YOUR ASSIGNMENT: From the first line of the material below through the line containing "Дед Мороз вручил", print every line exactly as it stands, but no pictures.

DATA FOR THIS TASK:
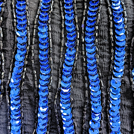 Vtg 80s STENAY Black Sapphire Blue 100% Silk Sequin Striped Evening Top Size S
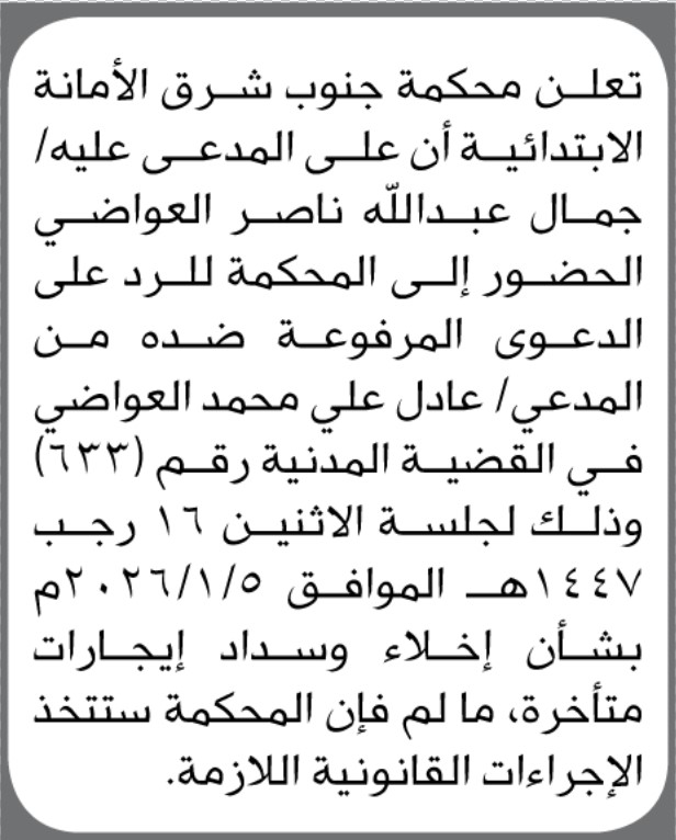 تعلن محكمة جنوب شرق الأمانة بأن على/ جمال عبدالله العواضي الحضور إلى المحكمة
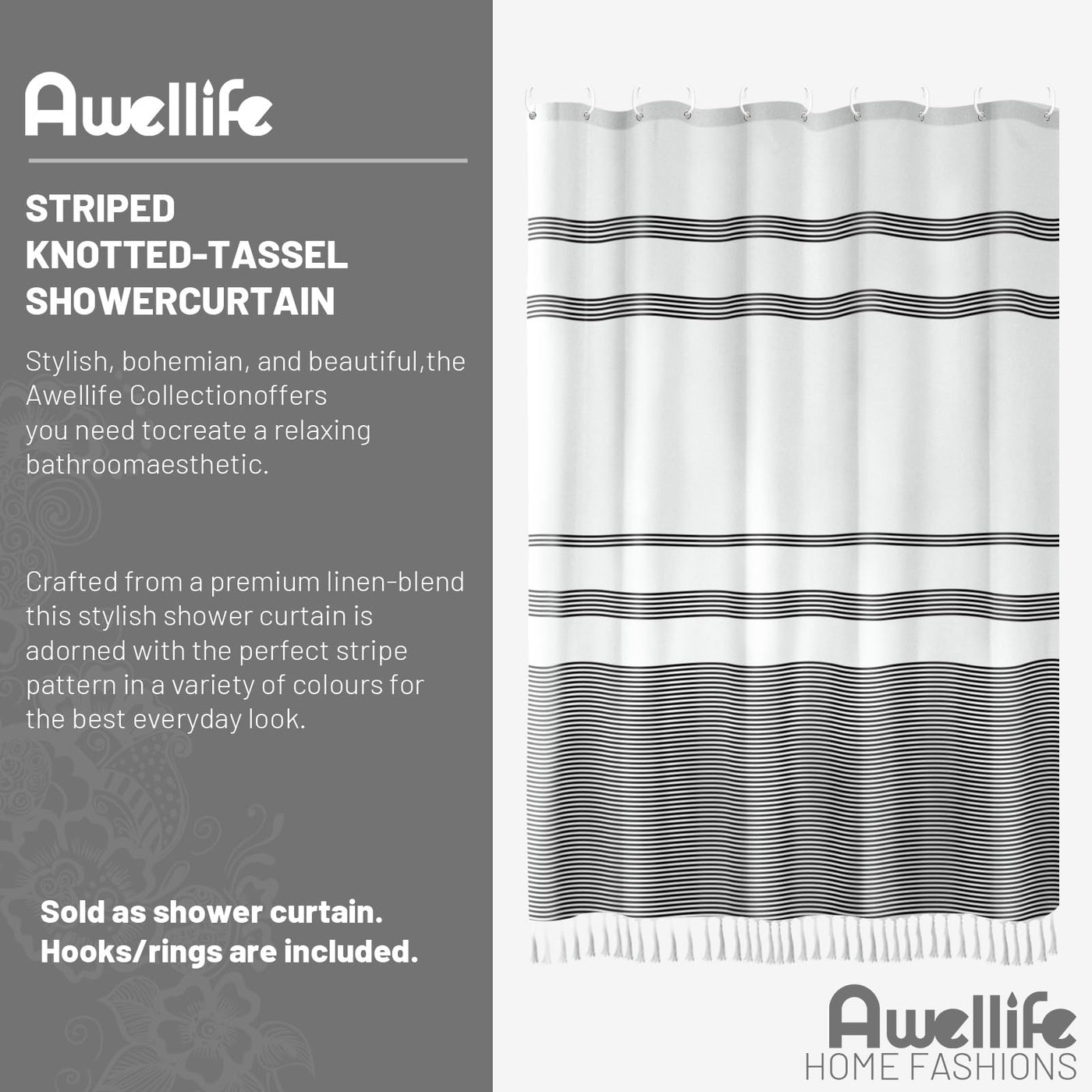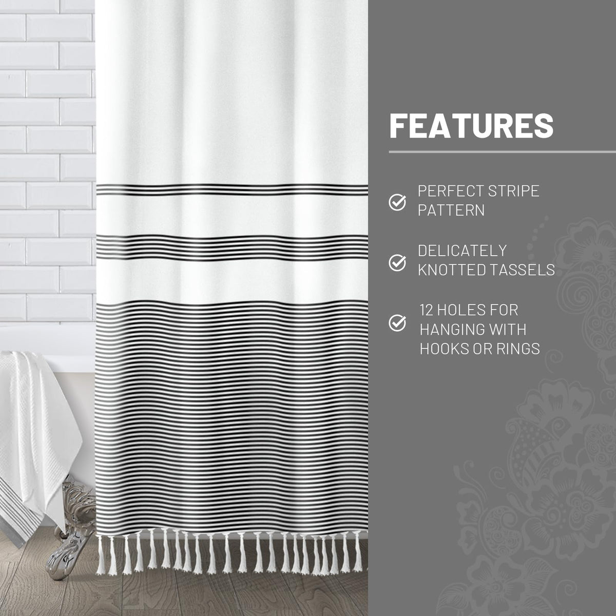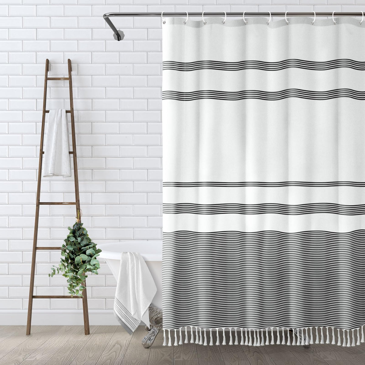 Awellife Boho Black Shower Curtain For Bathroom Stripe Tassel Shower Curtain 72 X 72 Inches Farmhouse Linen
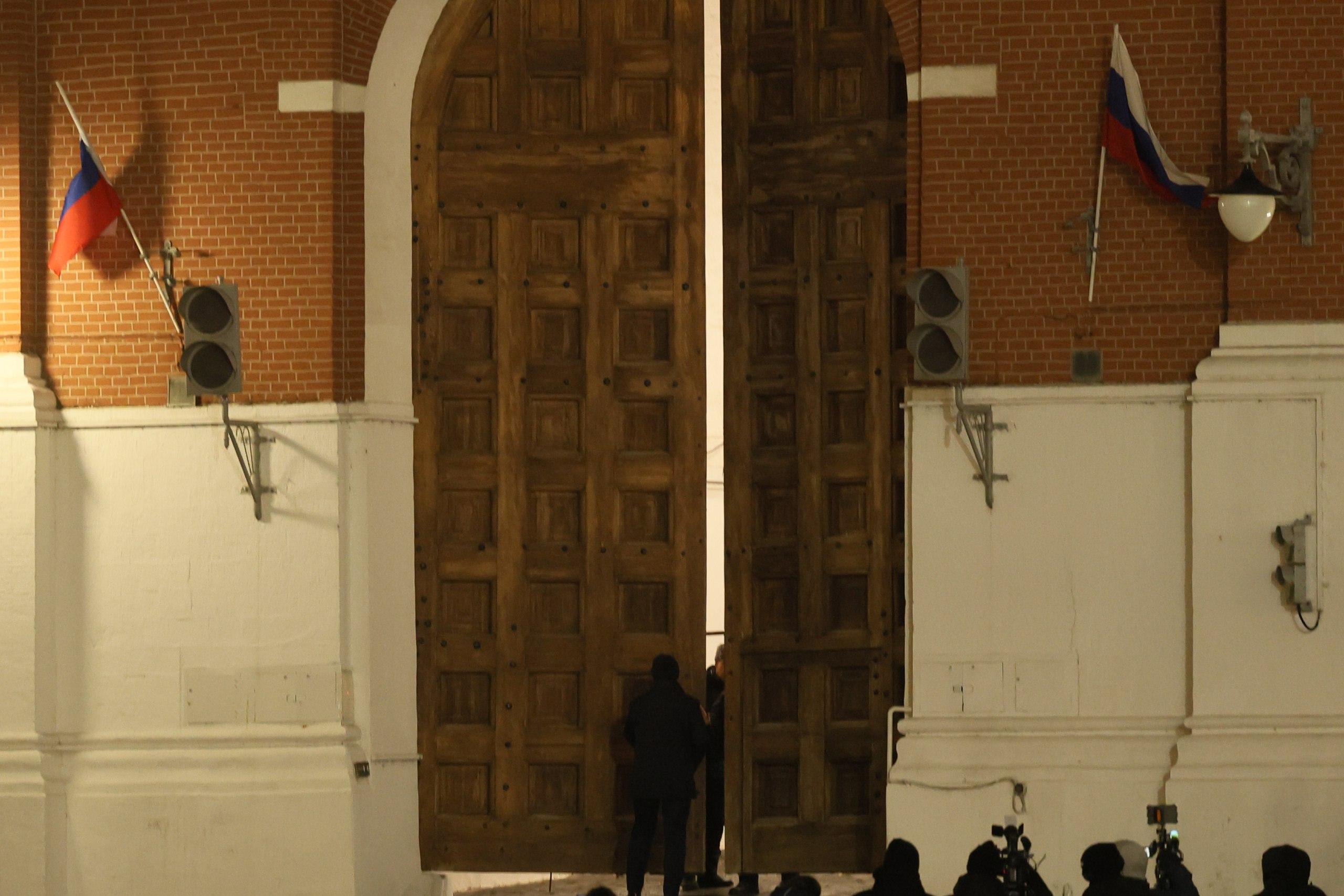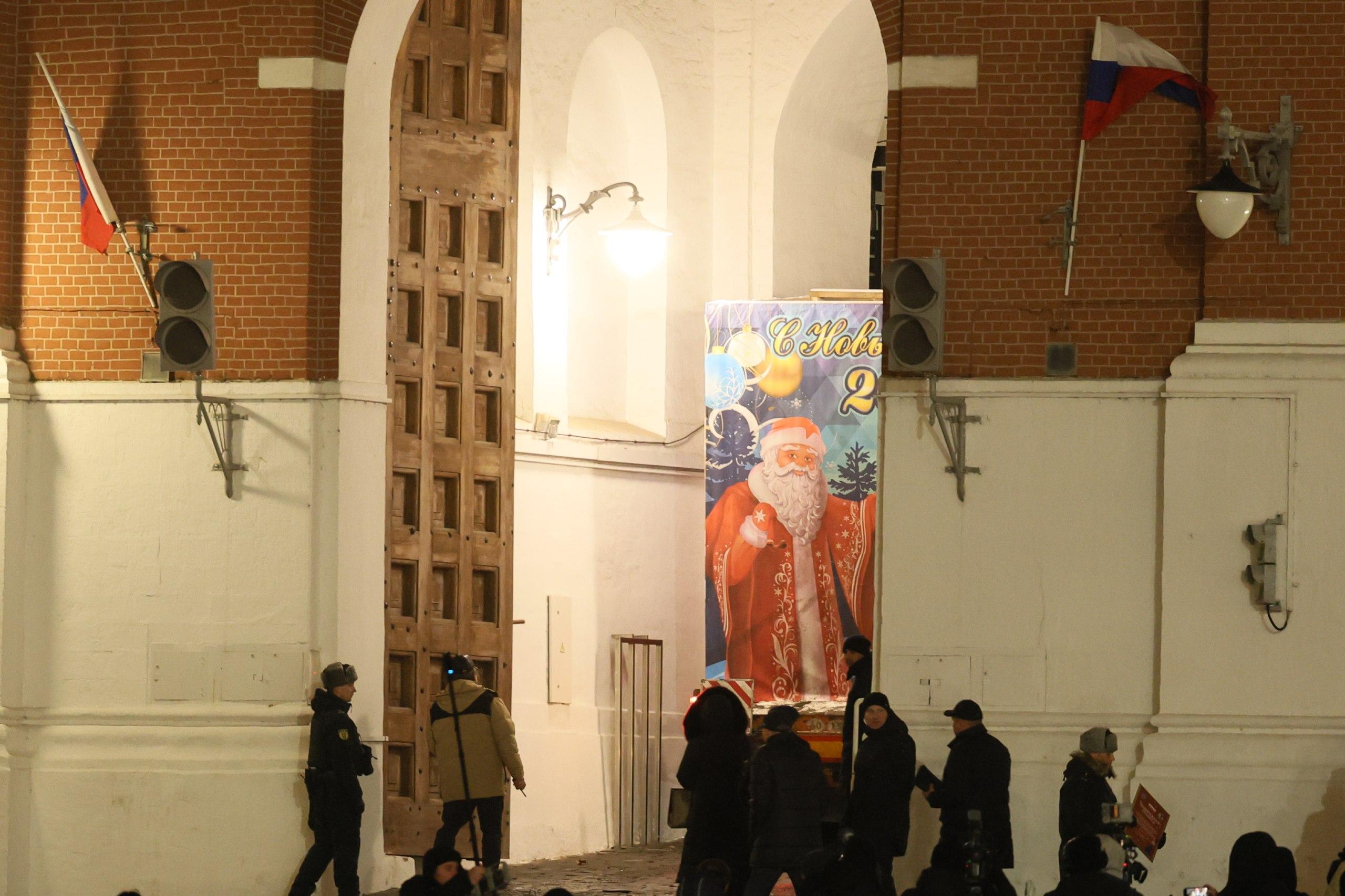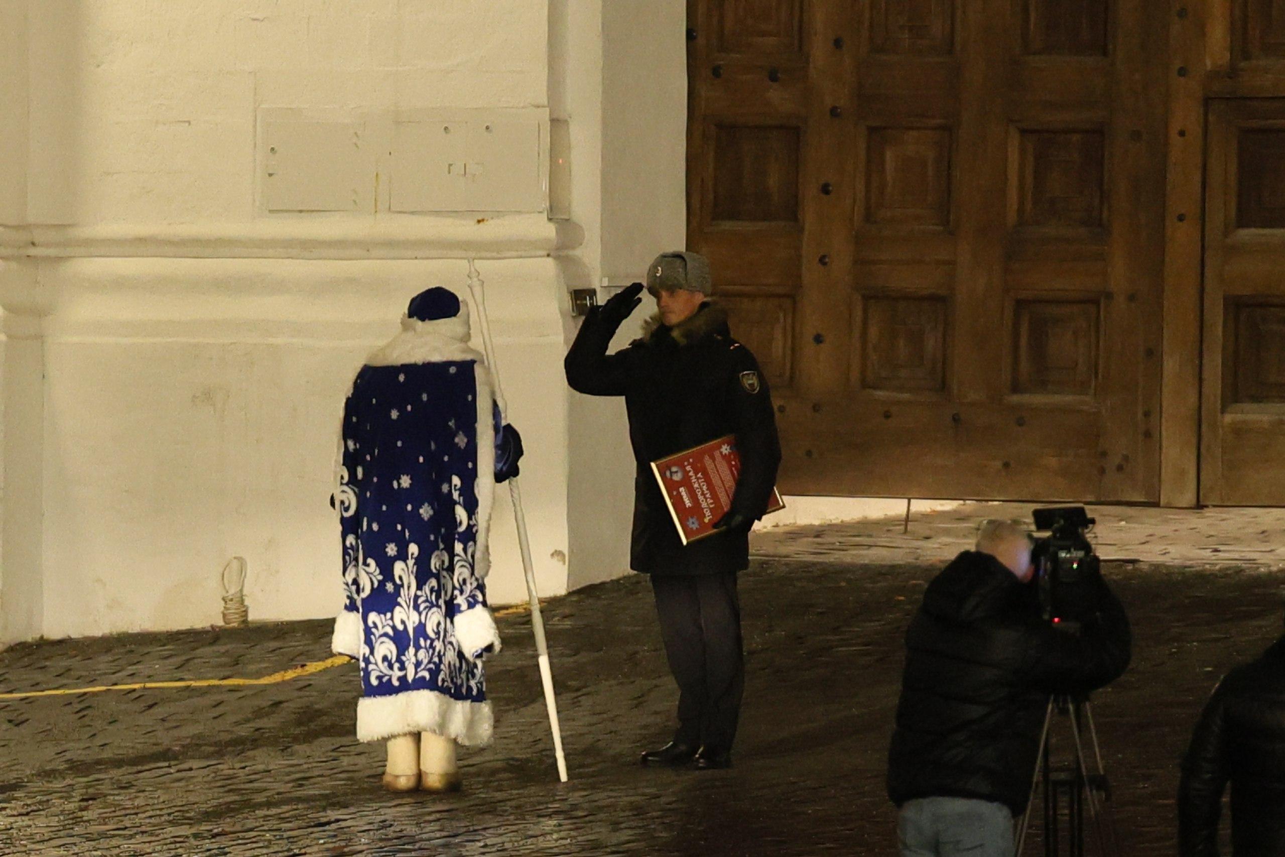 Дед Мороз вручил «Подорожную грамоту» коменданту Кремля. Спецтранспорт с елью въехал на территорию ровно в 22:00 по московскому времени, под бой курантов.
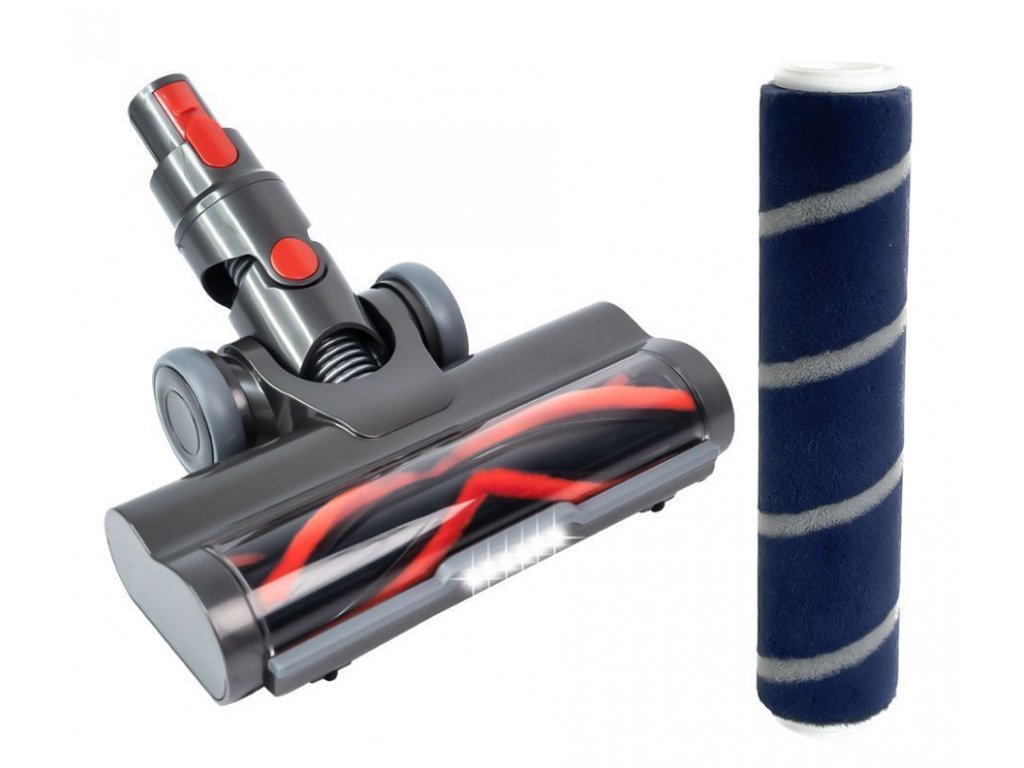Rotační motorizovaná hubice pro vysavače DYSON V7, DYSON V8, DYSON V10, DYSON V11, DYSON V15 s měkkým válcem na tvrdé podlahy jako jsou laminátové podlahy, dřevěné plovoucí podlahy, PVC linoleum, parkety, dlaždice a s rotačním kartáčem se štětinami na koberce. Rotační kartáč se štětinami je určený pro vysávání koberců od nití, vlasů a srsti od domácích mazlíčků.
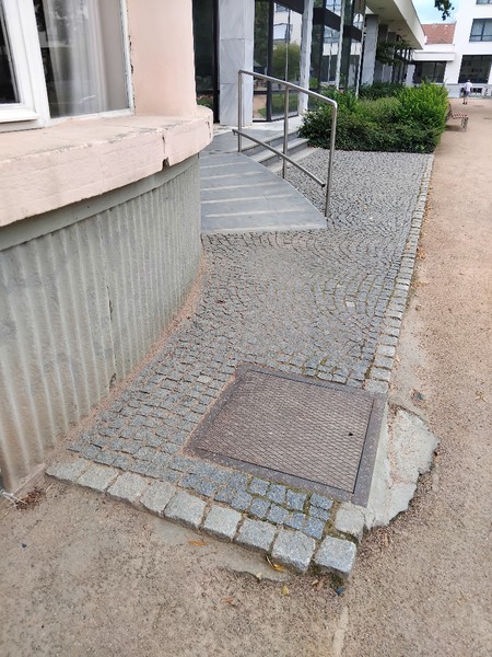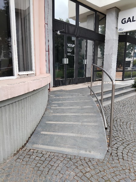Přístupová cesta má povrch z kvalitního maltu. Před vstupem jsou +2 schody, které kompenzuje rampa (sklon 15-16 %, šířka 128 cm, délka 240 cm) s jednostranným madlem (výška 106 cm). Na styku ploch pod rampou je malé převýšení (výška 3-4 cm).
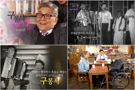 구봉서는 TV 개국과 함께 1960~70년대 한국 코미디의 시작과 황금기를 이끈 코미디언. MBC '웃으면 복이 와요'를 비롯해 영화 '돌아오지 않는 해병', '오부자', '연산군', '수학여행' 등 다수의 작품에서 희극과 정극을 넘나드는 연기를 펼쳤다.
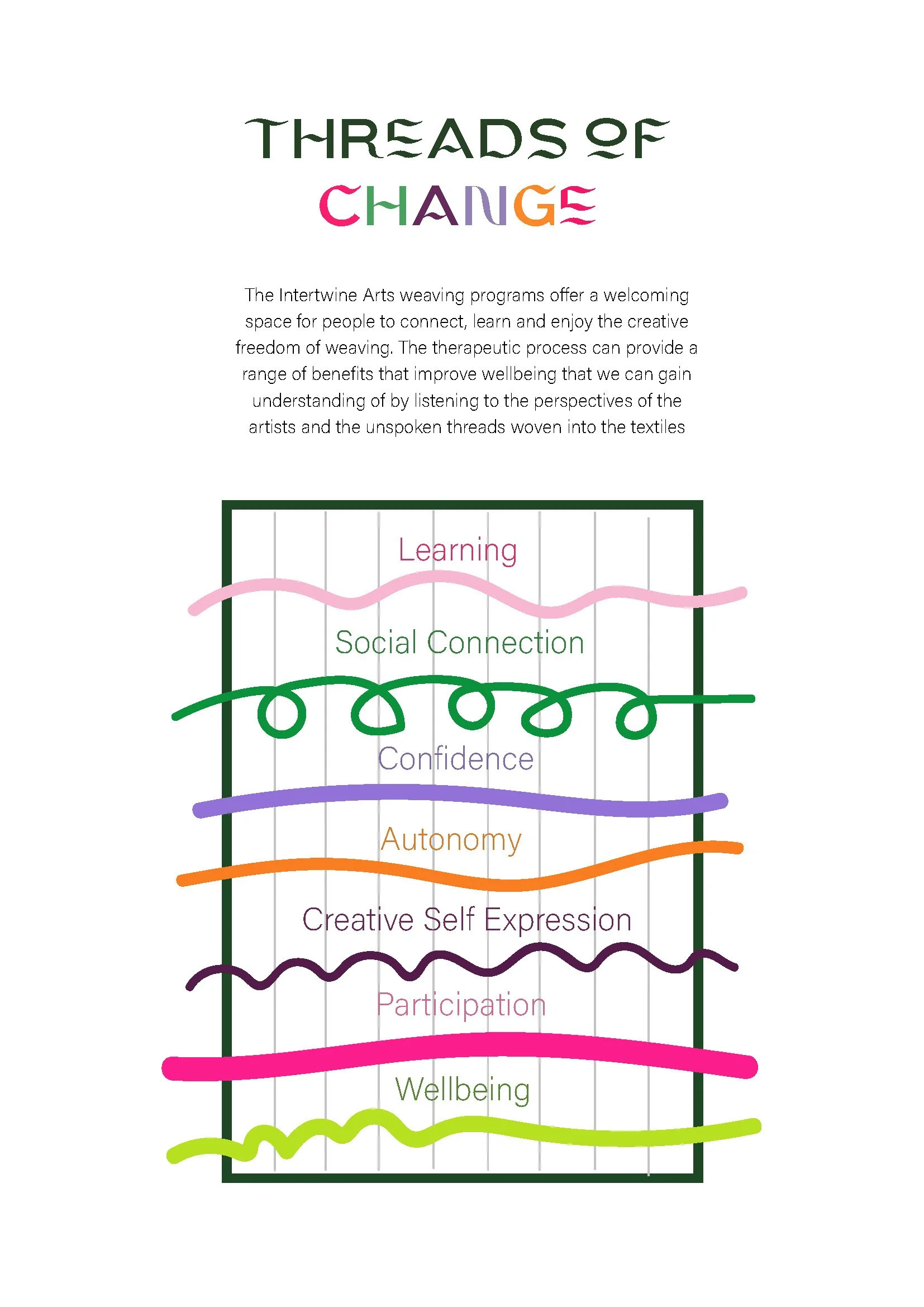 Through the process of weaving with groups of people who may otherwise be marginalised or excluded from mainstream arts resources or services, we are able to interconnect people socially through the power of craft. Examining the social power of creativity and craft: (David Gauntlett, D. 2011)
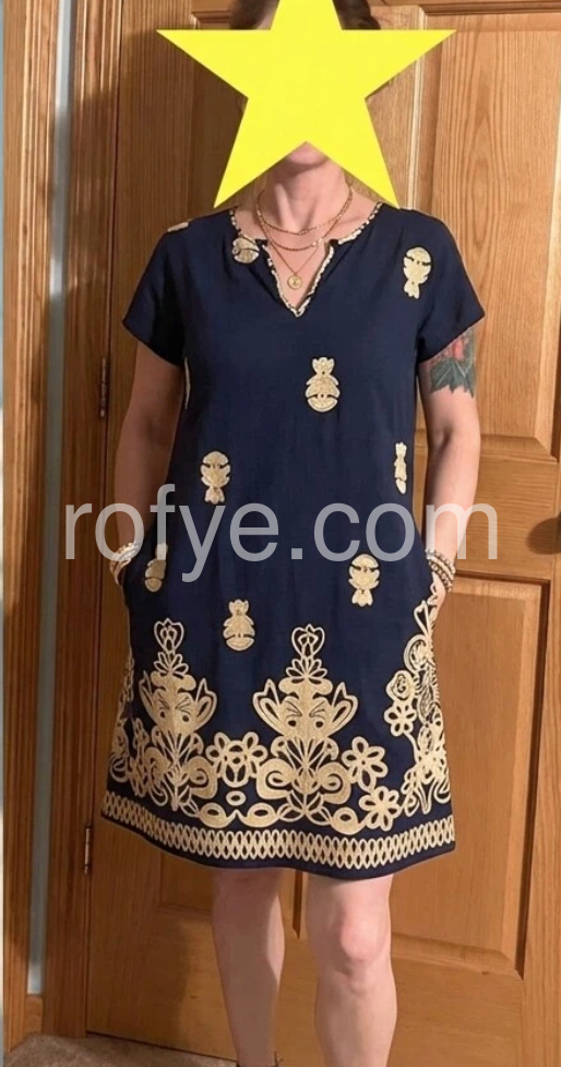 Slip into summer bohemia with this stunning navy shift dress. It features intricate cream embroidery and a relaxed V-neck fit, blending artisanal charm with everyday ease.
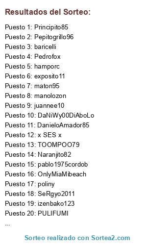 Lista de participantes: baricelli, Pedrofox, juannee10, colon666, brayanivan1990, Danivasp, Principito85, poyove, Jayoldi, MIKEY10 ElmalO, poliny, Pereirinho, TOOMPOO79, lobitooooo, x SES x, Pepitogrillo96, maton95, raulmar, DAVILON69, rastamanlasarte, hamporc, PULIFUMI, Murill069, SeRgyo2011, pablo1975cordob, delcampo88, TurfyTomas, puerto santiago, guss km, R0BLES7, heblesj, kikofer, SergioCollado, XxAfro8xX, exposito11, pakiu, manolozon, OnlyMiaMibeach, Ehos4, pablotp, CHAKAL1979, thecatonair, Naranjito82, SC carlicos69, DaNiWy00DiAboLo, slassi14, izenbako123, DanieloAmador85.
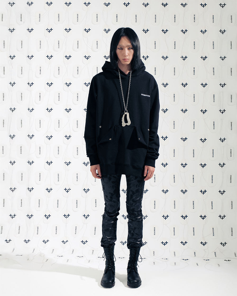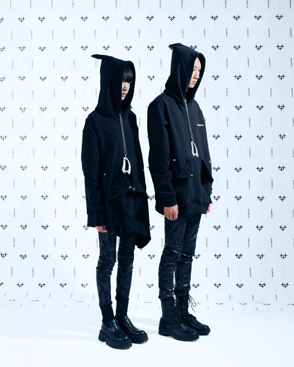 하나 하나 자체 디자이너들의 수작업으로 제작된 뒤쪽의 하트 쉐잎의 메쉬가 포인트인 후디 입니다.

ANSWER SECTION:
 Vtg 80s STENAY Black Sapphire Blue 100% Silk Sequin Striped Evening Top Size S
 تعلن محكمة جنوب شرق الأمانة بأن على/ جمال عبدالله العواضي الحضور إلى المحكمة
 Awellife Boho Black Shower Curtain For Bathroom Stripe Tassel Shower Curtain 72 X 72 Inches Farmhouse Linen
 Дед Мороз вручил «Подорожную грамоту» коменданту Кремля. Спецтранспорт с елью въехал на территорию ровно в 22:00 по московскому времени, под бой курантов.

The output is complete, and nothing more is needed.